Overview

This trial is active, not recruiting.

Condition x-linked hypophosphatemia
Treatment krn23
Phase phase 2
Sponsor Ultragenyx Pharmaceutical Inc
Start date May 2016
End date October 2017
Trial size 13 participants
Trial identifier NCT02750618, UX023-CL205

Summary

UX023-CL205 is a multicenter, open-label, Phase 2 study in children from 1 to 4 years old with XLH to assess the safety, PD, and efficacy of KRN23 administered via subcutaneous (SC) injections every 2 weeks (Q2W) for a total of 64 weeks.
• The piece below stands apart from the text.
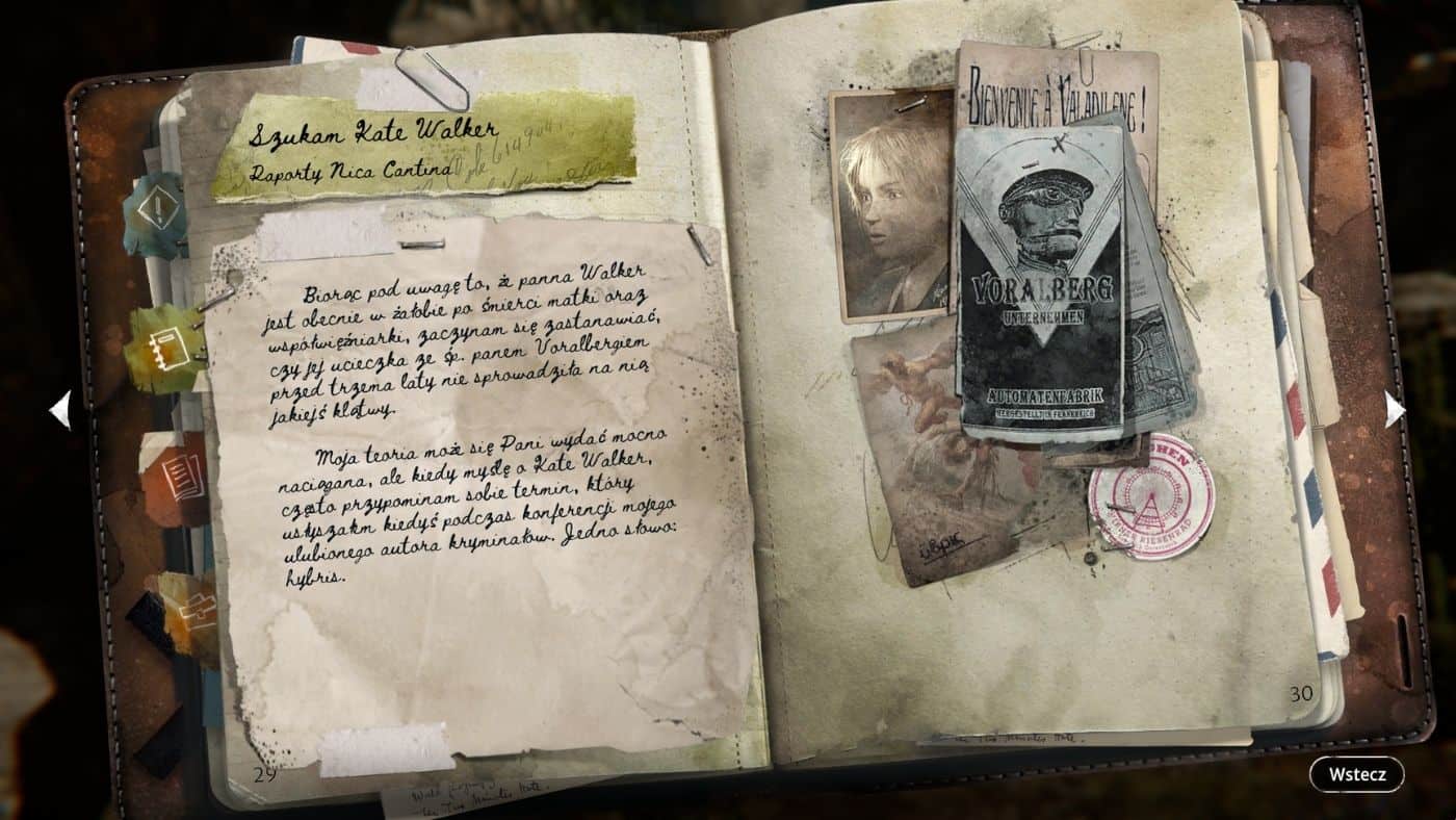 W rzeczywistości z 2004 i 2005 roku Kate Walker z przeżywa poniekąd coś podobnego. Za nią gonią jednak wyrzuty sumienia… oraz detektyw wysłany jej tropem z ramienia przyjaciółki z Nowego Jorku, Oliwii. Poczynania i postępy w śledztwie, a także poniekąd podsumowanie tego, co sami do tej pory odkryliśmy, będziemy znajdować na bieżąco w jego dzienniku. Z jednej strony takie rozwiązanie zapisu postępów było ciekawym rozwiązaniem. Nie otrzymaliśmy bowiem pamiętnika żadnej z głównych bohaterek, co jest chyba najpowszechniejszym rozwiązaniem zapisu historii w wielu innych grach. Z drugiej jednak przyznaję, że trochę mnie dziwiło, z jaką łatwością ludzie, których spotykaliśmy po drodze, udzielali wspomnianemu detektywowi wszelkich informacji na temat postępów Kate. Zdaję sobie sprawę, że była prawniczka raczej nie informowała NPC-ów, że w USA jest uznana za kryminalistkę. Niemniej gdybym to ja była na miejscu jednej z tych postaci pobocznych, to raczej czułabym się mocno zaniepokojona przez podobne wypytywanie o kogoś znajomego.

United States No locations recruiting
Other Countries No locations recruiting

Study Design

Endpoint classification safety/efficacy study
Intervention model single group assignment
Masking open label
Primary purpose treatment
Arm
(Experimental)
krn23

Primary Outcomes

Measure
Evaluate safety by the incidence, frequency and severity of AEs and SAEs, including clinically significant changes from baseline to scheduled time points
time frame: 64 weeks
Determine the pharmacodynamics (PD) effects of KRN23 treatment by observing the change from Baseline over time in serum phosphorus
time frame: 64 weeks

Eligibility Criteria

Male or female participants from 1 year up to 4 years old.

Inclusion Criteria: 1. Male or female, aged ≥1 year and <5 years 2. Diagnosis of XLH supported by ONE or more of the following - Confirmed PHEX mutation in the patient or a directly related family member with appropriate X-linked inheritance - Serum FGF23 level > 30 pg/mL by Kainos assay 3. Biochemical findings associated with XLH including: - Serum phosphorus < 3.0 mg/dL (0.97 mmol/L) - Serum creatinine within age-adjusted normal range 4. Radiographic evidence of rickets 5. Willing to provide access to prior medical records for the collection of historical growth, biochemical, and radiographic data and disease history 6. Provide written informed consent by a legally authorized representative after the nature of the study has been explained, and prior to any research-related procedures 7. Must, in the opinion of the investigator, be willing and able to complete all aspects of the study, adhere to the study visit schedule, and comply with the assessments Exclusion Criteria: 1. Unwilling to stop treatment with oral phosphate and/or pharmacologic vitamin D metabolite or analog (e.g. calcitriol, alfacalcidol) during the screening period and for the duration of the study 2. Planned or recommended orthopedic surgery including staples, 8-plates or osteotomy, within the clinical trial period 3. Hypocalcemia or hypercalcemia, defined as serum calcium levels outside the age-adjusted normal limits 4. Presence or history of any condition that, in the view of the investigator, places the subject at high risk of poor treatment compliance or of not completing the study 5. Presence of a concurrent disease or condition that would interfere with study participation or affect safety 6. History of recurrent infection or predisposition to infection, or of known immunodeficiency 7. Use of any investigational product or investigational medical device within 30 days prior to screening, or requirement for any investigational agent prior to completion of all scheduled study assessments

Additional Information

Official title An Open-Label, Phase 2 Study to Assess the Safety, Pharmacodynamics, and Efficacy of KRN23 in Children From 1 to 4 Years Old With X-linked Hypophosphatemia (XLH)
Principal investigator Erik Imel, MD
Description The study will enroll approximately 10 pediatric subjects between 1 and 4 years old, inclusive, with a confirmed diagnosis of XLH and radiographic evidence of rickets. Subjects will discontinue oral phosphate and active vitamin D therapy after initial Screening and for the duration of the study. All subjects will receive treatment with KRN23. Safety, PD, pre-dose KRN23 concentrations, and efficacy measures (rickets, growth, functional outcomes) will be evaluated throughout the study. Radiographs will be taken to assess rickets periodically throughout the study duration.
Trial information was received from ClinicalTrials.gov and was last updated in August 2016.
Information provided to ClinicalTrials.gov by Ultragenyx Pharmaceutical Inc.